● Task
The records below must be reproduced exactly, excluding any pictures.
========================
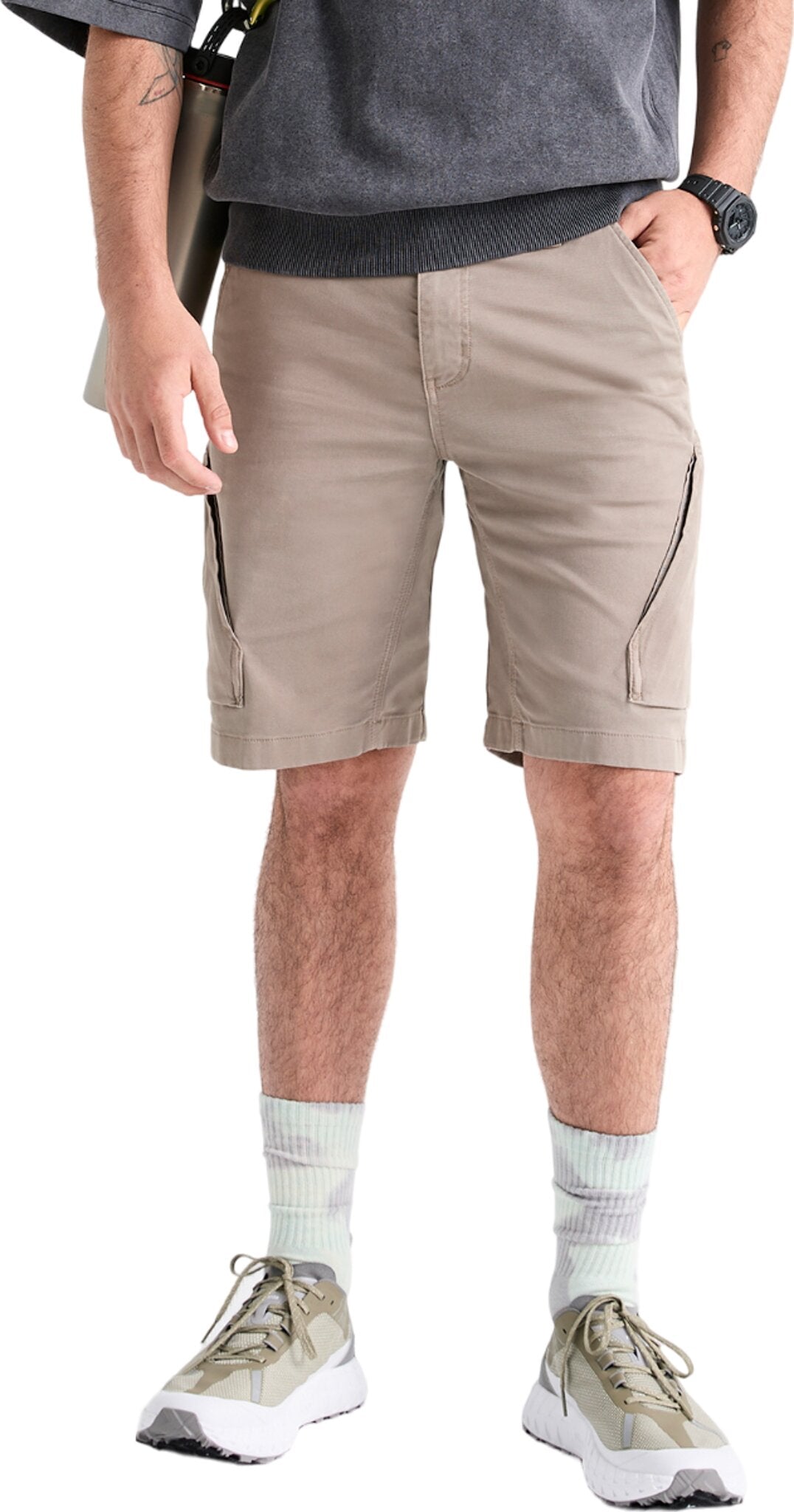Léger, dans une coupe décontractée, ce tissu est imprégné de fibres techniques pour la respirabilité et la fonctionnalité par temps chaud. Les caractéristiques comprennent des poches cargo zippées et des poches de sécurité arrière pour plus de fonctionnalité et de polyvalence.
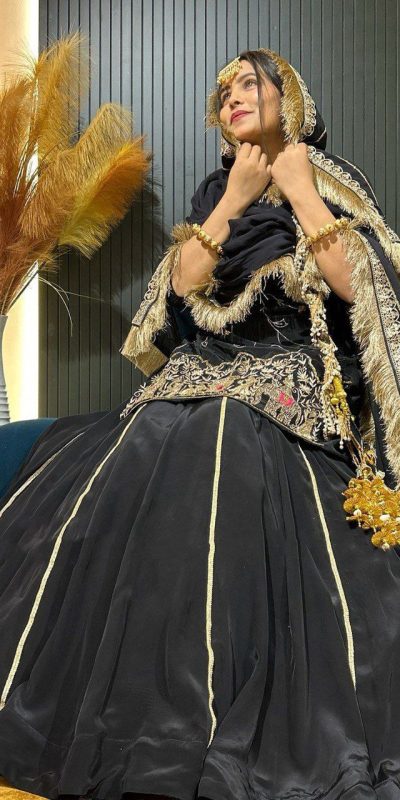 Black Natural Crep Silk Bead Lace Work Salwar Suit
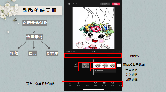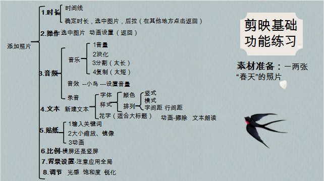 本次課程內(nèi)容實操性強,分為兩個階段,第一階段:通過PPT介紹剪映基本功能。
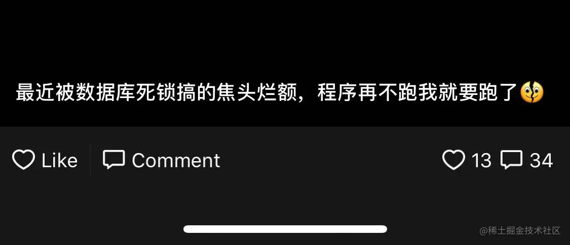 犹记得那些天老板天天找我们几个人开会,大概老板是在传导甲方给过来的压力,人倒霉就是这样,你说 CPU 爆高可怕吧,我硬是给摁下去了,好了,Memory 又爆高了,尼玛我又给摁下去了,接着数据库死锁又来了,你能体会到这种压力吗?🤣 就像我在朋友圈发的那样,程序再不跑我就要跑了。
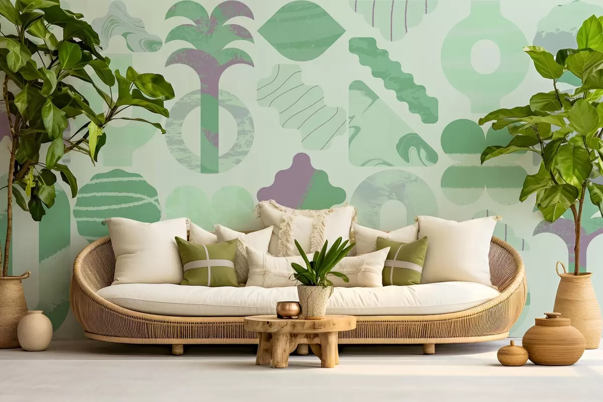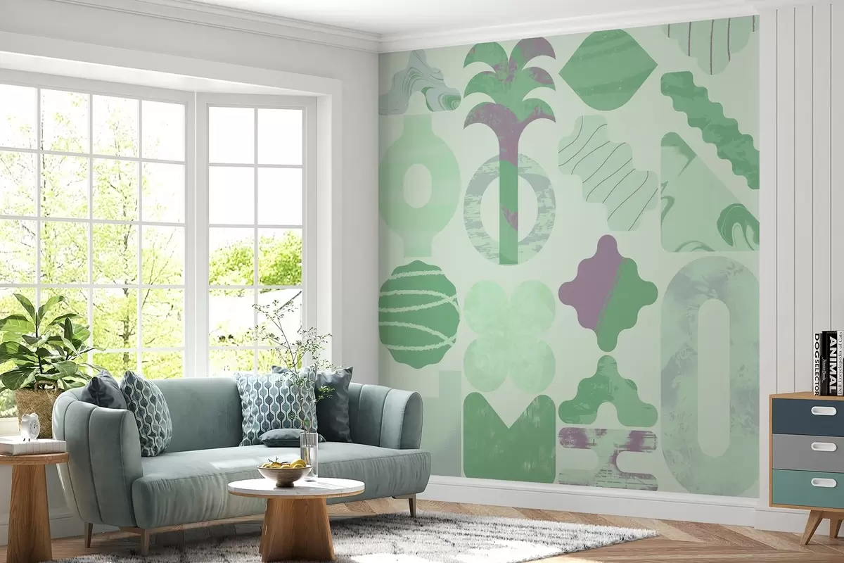 Fototapeter ulike interessante former, moderne geometri i grønne farger Nr. w02550v2
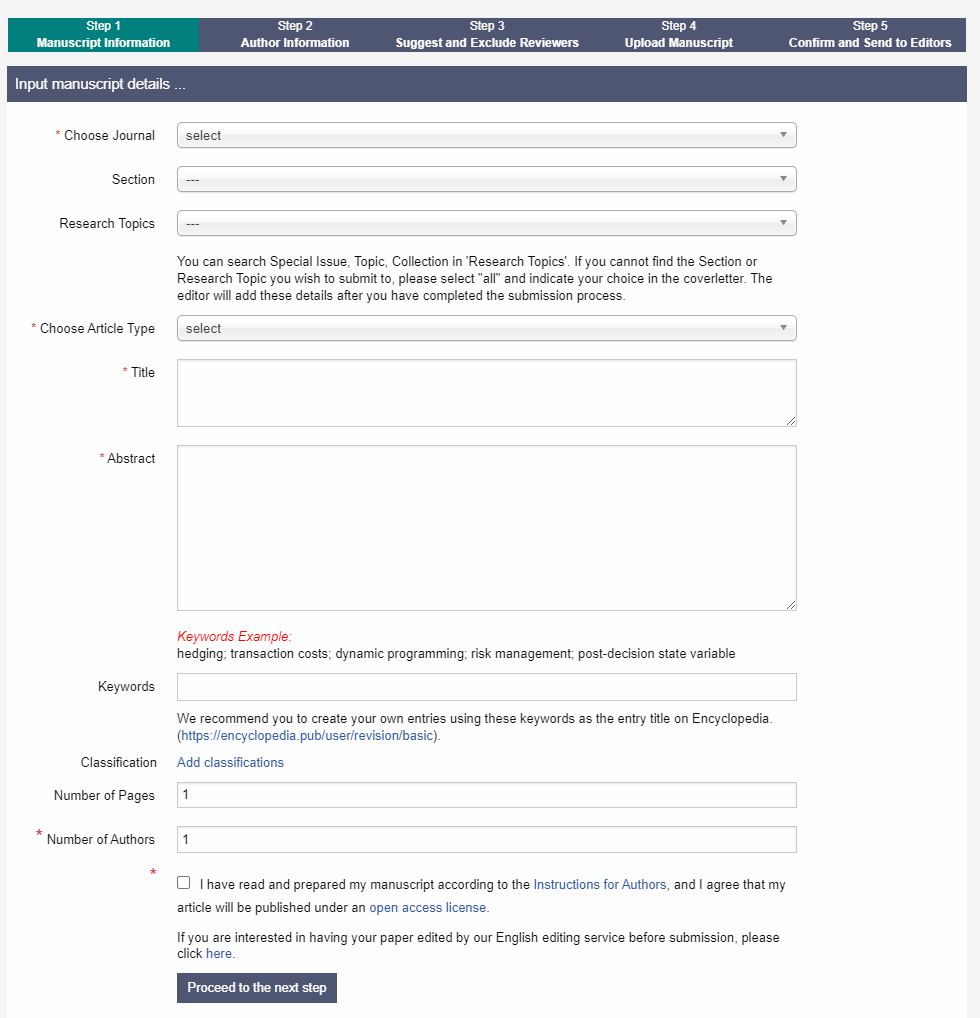 进入上传稿件后的第一个页面,需要根据稿件的主题选择所投稿的期刊栏目 (Section)。同时,您也可以在该页面中选择投稿到期刊的Special Issue、Topics 或 Topical Collection。
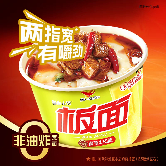 日前,统一在其官方旗舰店又上线了板面新品,并将其归属于“都会小馆”品牌旗下。统一板面新品主打非油炸概念,有三大卖点:一是面身两指宽,有嚼劲;二是食材丰富,整颗红辣椒香辣过瘾;三是还原地道板面风味,由纯正牛油熬制而成。目前,统一这款板面有麻辣牛肉味和卤香牛肉味两种口味,零售价为5元。
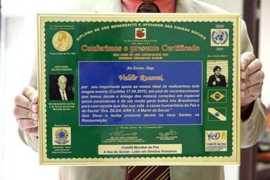 | Keywords: O presidente da Assembleia Legislativa, deputado Valdir Rossoni (PSDB), recebeu a comenda “Amigo das causas sociais no grau benemérito da paz e do social”, concedida pelo bispo João Pedro Nascimento, presidente do Comitê Mundial da Paz, na manhã desta quinta-feira (24). “É uma homenagem para alguém que está desempenhando um importante papel e representando o povo paranaense. O presidente tem sido corajoso e se comportado com valentia para que as coisas mudem”, afirmou Nascimento. Foto: Nani Gois / Assembleia Legislativa do Paraná O presidente da Assembleia Legislativa, deputado Valdir Rossoni (PSDB), recebeu a comenda “Amigo das causas sociais no grau benemérito da paz e do social”, concedida pelo bispo João Pedro Nascimento, presidente do Comitê Mundial da Paz, na manhã desta quinta-feira (24). “É uma homenagem para alguém que está desempenhando um importante papel e representando o povo paranaense. O presidente tem sido corajoso e se comportado com valentia para que as coisas mudem”, afirmou Nascimento. Foto: Nani Gois / Assembleia Legislativa do Paraná |
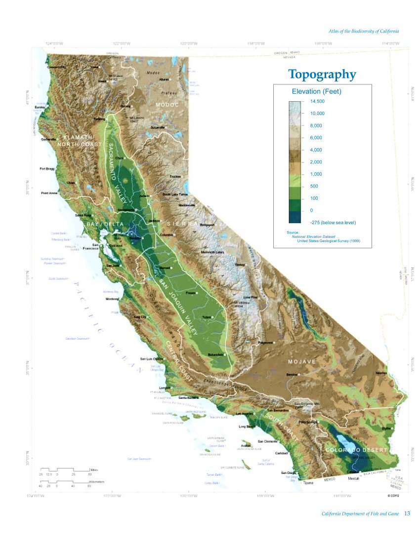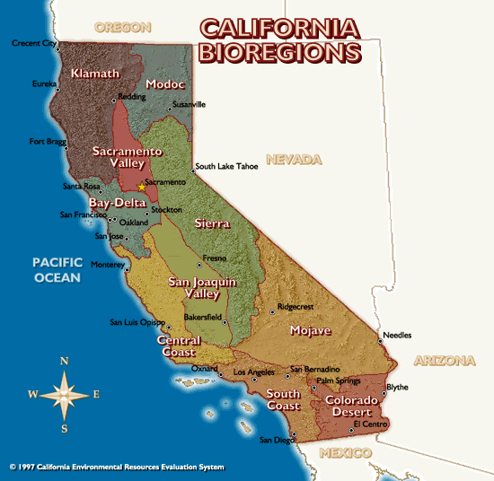Before tackling the arguments associated with the pros and cons of dividing California, the issue of how many states to divide California into should be examined. Californians who are familiar with their state know that one can find a rationale for dividing the state into anywhere from two states to eight states. California is physically diverse. The State's California Environmental Resources Evaluation System (CERES) has performed a fairly thorough job of mapping the regions of the State as follows:
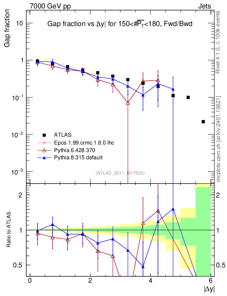 Jets : Jets + Veto : Gap fraction vs Δy (FB)
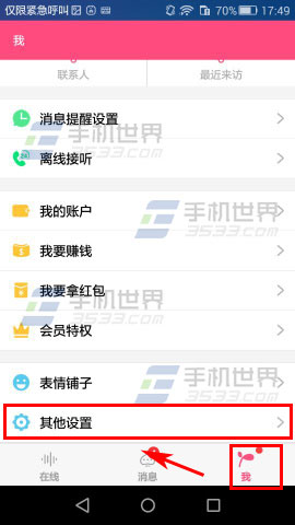 1)打开蜜桃语音,进去后点击【我】,再点击【其他设置】。(如下图)
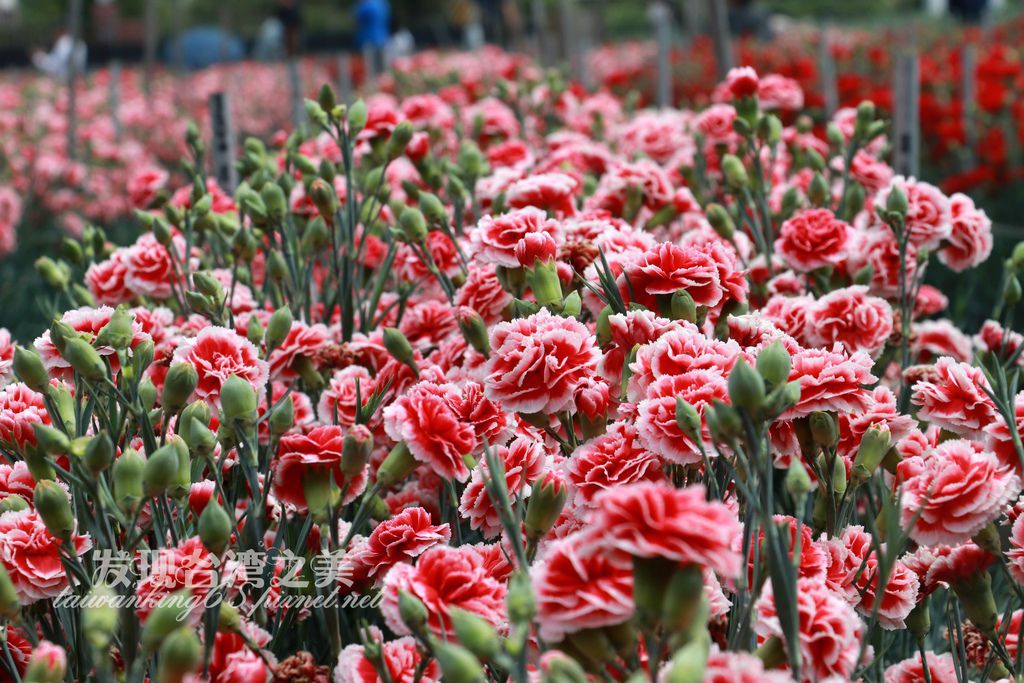 目前武漢肺炎肆虐,能在驕陽下看到這片康乃馨花海,心情有被療癒的感覺。
========================
● Answer section
Léger, dans une coupe décontractée, ce tissu est imprégné de fibres techniques pour la respirabilité et la fonctionnalité par temps chaud. Les caractéristiques comprennent des poches cargo zippées et des poches de sécurité arrière pour plus de fonctionnalité et de polyvalence.
 Black Natural Crep Silk Bead Lace Work Salwar Suit
 本次課程內(nèi)容實操性強,分為兩個階段,第一階段:通過PPT介紹剪映基本功能。
 犹记得那些天老板天天找我们几个人开会,大概老板是在传导甲方给过来的压力,人倒霉就是这样,你说 CPU 爆高可怕吧,我硬是给摁下去了,好了,Memory 又爆高了,尼玛我又给摁下去了,接着数据库死锁又来了,你能体会到这种压力吗?🤣 就像我在朋友圈发的那样,程序再不跑我就要跑了。
 Fototapeter ulike interessante former, moderne geometri i grønne farger Nr. w02550v2
 进入上传稿件后的第一个页面,需要根据稿件的主题选择所投稿的期刊栏目 (Section)。同时,您也可以在该页面中选择投稿到期刊的Special Issue、Topics 或 Topical Collection。
 日前,统一在其官方旗舰店又上线了板面新品,并将其归属于“都会小馆”品牌旗下。统一板面新品主打非油炸概念,有三大卖点:一是面身两指宽,有嚼劲;二是食材丰富,整颗红辣椒香辣过瘾;三是还原地道板面风味,由纯正牛油熬制而成。目前,统一这款板面有麻辣牛肉味和卤香牛肉味两种口味,零售价为5元。
 | Keywords: O presidente da Assembleia Legislativa, deputado Valdir Rossoni (PSDB), recebeu a comenda “Amigo das causas sociais no grau benemérito da paz e do social”, concedida pelo bispo João Pedro Nascimento, presidente do Comitê Mundial da Paz, na manhã desta quinta-feira (24). “É uma homenagem para alguém que está desempenhando um importante papel e representando o povo paranaense. O presidente tem sido corajoso e se comportado com valentia para que as coisas mudem”, afirmou Nascimento. Foto: Nani Gois / Assembleia Legislativa do Paraná O presidente da Assembleia Legislativa, deputado Valdir Rossoni (PSDB), recebeu a comenda “Amigo das causas sociais no grau benemérito da paz e do social”, concedida pelo bispo João Pedro Nascimento, presidente do Comitê Mundial da Paz, na manhã desta quinta-feira (24). “É uma homenagem para alguém que está desempenhando um importante papel e representando o povo paranaense. O presidente tem sido corajoso e se comportado com valentia para que as coisas mudem”, afirmou Nascimento. Foto: Nani Gois / Assembleia Legislativa do Paraná |
Before tackling the arguments associated with the pros and cons of dividing California, the issue of how many states to divide California into should be examined. Californians who are familiar with their state know that one can find a rationale for dividing the state into anywhere from two states to eight states. California is physically diverse. The State's California Environmental Resources Evaluation System (CERES) has performed a fairly thorough job of mapping the regions of the State as follows:
 Jets : Jets + Veto : Gap fraction vs Δy (FB)
 1)打开蜜桃语音,进去后点击【我】,再点击【其他设置】。(如下图)
 目前武漢肺炎肆虐,能在驕陽下看到這片康乃馨花海,心情有被療癒的感覺。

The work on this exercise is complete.